Wednesday, June 8, 2011

How I design my ebook covers

In my opinion, an ebook cover is the first bit of advertising you have. Your ebook cover is a billboard to advertise your story. It’s also like a movie trailer, except it’s a static image. Would a movie studio run a trailer of one scene from the movie? Not usually. Trailers usually give you a smattering of what to expect in the movie. Can we do that in our ebook covers? I have tried to do so.

In the rest of this post I’m going to explain my cover strategy and how I designed my covers for Dead Dwarves Don’t Dance and The Elemental Odyssey.

As a disclaimer, I’m providing this advice for non-famous authors. If you’re famous, your name should be the most prominent item on the cover. But, for those of us who are unknown, I think my strategy might work.

The biggest advice I have is about the actual artwork, so I’m going to save that for last. First, I’ll talk about the title and author text.

The Title

Actually choosing a title is beyond the scope of this post. Of course, you should pick something catchy and appropriate for the story, if possible.

For title layout, here’s what I attempt to accomplish:

1.    Title is legible in thumbnail size.

2.    Title color contrasts the artwork behind it.

3.    Title is in a font appropriate for the story.

Here are some examples of good and bad use of titles. Click on the pic to see them in thumbnail size. Notice how the title is illegible in many of them. I’ll let you decide which are good and which are less so.



Be sure to experiment with a LOT of fonts. I have hundreds of fonts and I’m constantly collecting more. When I choose one for a book I usually mock up at least a dozen on the cover (from a candidate pool of dozens).
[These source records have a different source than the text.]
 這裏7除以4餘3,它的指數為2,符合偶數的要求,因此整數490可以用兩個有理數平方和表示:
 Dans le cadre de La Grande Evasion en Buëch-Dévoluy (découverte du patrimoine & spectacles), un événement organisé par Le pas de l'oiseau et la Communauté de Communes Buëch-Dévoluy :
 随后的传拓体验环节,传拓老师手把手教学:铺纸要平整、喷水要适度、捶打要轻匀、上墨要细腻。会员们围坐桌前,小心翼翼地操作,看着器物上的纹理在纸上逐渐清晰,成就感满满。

Sometimes a font won’t work in standard format, but it will in bold. Always check the bold version.

To make your book seem even more professional, use texture, shading, and other tricks on your title. I haven’t done this yet because I don’t know how. I’d like to improve The Elemental  Odyssey title to be something more than just black text. Maybe someday.

Author name

Your author name does not need to be legible in thumbnail size. It would be nice if it was, but there is no way a customer is going to see the thumbnail size of your ebook cover without also seeing your name in text directly beneath it. So, unless you’re famous, keep your name small so people can see more of the cover art.

Most of the same rules apply to author name as applied to title:

1.    Author name doesn’t need to be legible in thumbnail size. It can be, but not required.
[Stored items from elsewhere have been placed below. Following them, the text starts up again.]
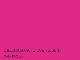 CIELab 50.9,73.088,-6.684 Color is a normal rose color and the nearest color is Barbie Pink #e0218a. Hex code #e02987 and RGB value is rgb(224,41,135). In RGB color space, this color is composed of 88% red, 16% green, 53% blue, In CMYK color space, this color is composed of 0% cyan, 82% magenta, 40% yellow , 12% black , In HSL color space, this color has a hue angle of 329° , 75% saturation and 52% lightness.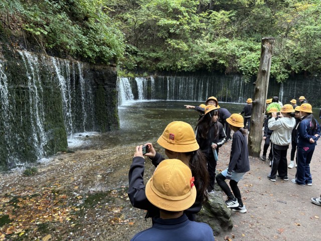 宿舎に戻る途中、白糸の滝を見学しました。この後、宿舎に戻り、早めの入浴です。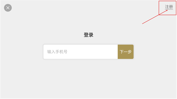 3、进入手机号登录界面后,在【输入手机号】框填号码点下一步登录,也能点击【注册】进入注册界面。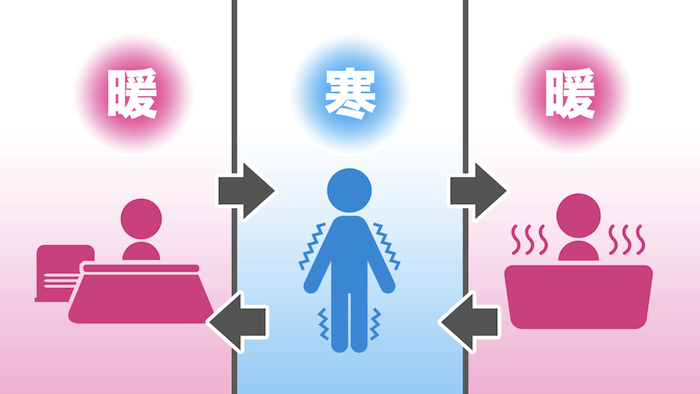 浴室以外でも【10℃以上の温度差がある場所は、ヒートショックを起こす恐れがある】ので気をつけてください。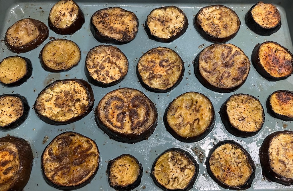 I had wanted to use some Aubergines and consequently had 4 largish ones sitting in my refrigerator saying “USE ME”. I like deep fried ones, but seriously they scream Calories ! What about Moussaka? For me it says, shepherds pie, or lasagna, neither of which I am interested in eating, or Aubergine Parmigiana, yummy ! But oh so calorie rich!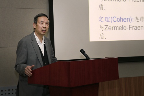 首先,席南华院士代表数学院向参加论坛的各位嘉宾表示热烈欢迎,并简单介绍了中科院青年促进会的相关情况,最后希望论坛越办越好,让更多的年轻科学家成长起来。接着,他作了题为《理解数学》的报告,他指出,理解数学包括“怎样掌握数学的思维方式”“什么东西对于数学是基本的”“什么样的问题是好问题”三个方面。他说,基本的对象、典型的定理、优美的计算和证明对于数学来说都是基础的,而那些指向更深更远的问题就是好问题。他认为,当今数学还是几何、代数、分析数学三足鼎立的时代。讲座过程中,他还指出培养哲学思维有利于大家更好地理解数学,希望在场学子们认真学习哲学。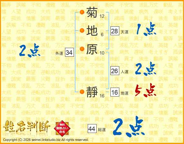 菊地原靜さんの総運は44画の2点!

2.    Author name text color contrasts the artwork behind it.

3.    Author name is in a font appropriate for the story.

The Artwork

The cover is a billboard for your story. You’re paying good money for an artist to do the cover. Be involved in the creation. You know the story better than anyone, you should decide the content of the cover art. The artist should follow your guidelines and be willing to iterate with you.

1.    Find an artist that you love.

2.    Don’t have a lot of empty space on the cover. The top of the book should have room for the title. Don’t put anything important up there. Ditto for a smaller space at the bottom for your name.

3.    Don’t clutter the artwork.

4.    Make the cover interesting. Make it something someone would want to look at for more than two seconds. This means detail. You don’t need a lot, but a bit is nice. Customers who pause to examine a cool cover will also check out the rest of the book page.

5.    At least one object on the cover must be recognizable in thumbnail size.

6.    Unless you have an awesome idea for a one-concept cover, make the cover a montage of 3-4 concepts.

7.    Use the foreground, midground, and background to full effect.

8.    The cover must be cool. If you look at your cover and don’t think “that’s cool” then don’t use that cover.

Those are the basic rules I use when designing my covers. Here is a more precise strategy for the actual art content and how I implemented them for my current novels:

1.    Foreground depicts the protagonist or other important character. This foreground character is recognizable in thumbnail size and has evocative detail. This can be equipment, expression, body language, or more.

2.    Midground depicts other character(s) with some action suggested. Not necessarily recognizable in thumbnail size.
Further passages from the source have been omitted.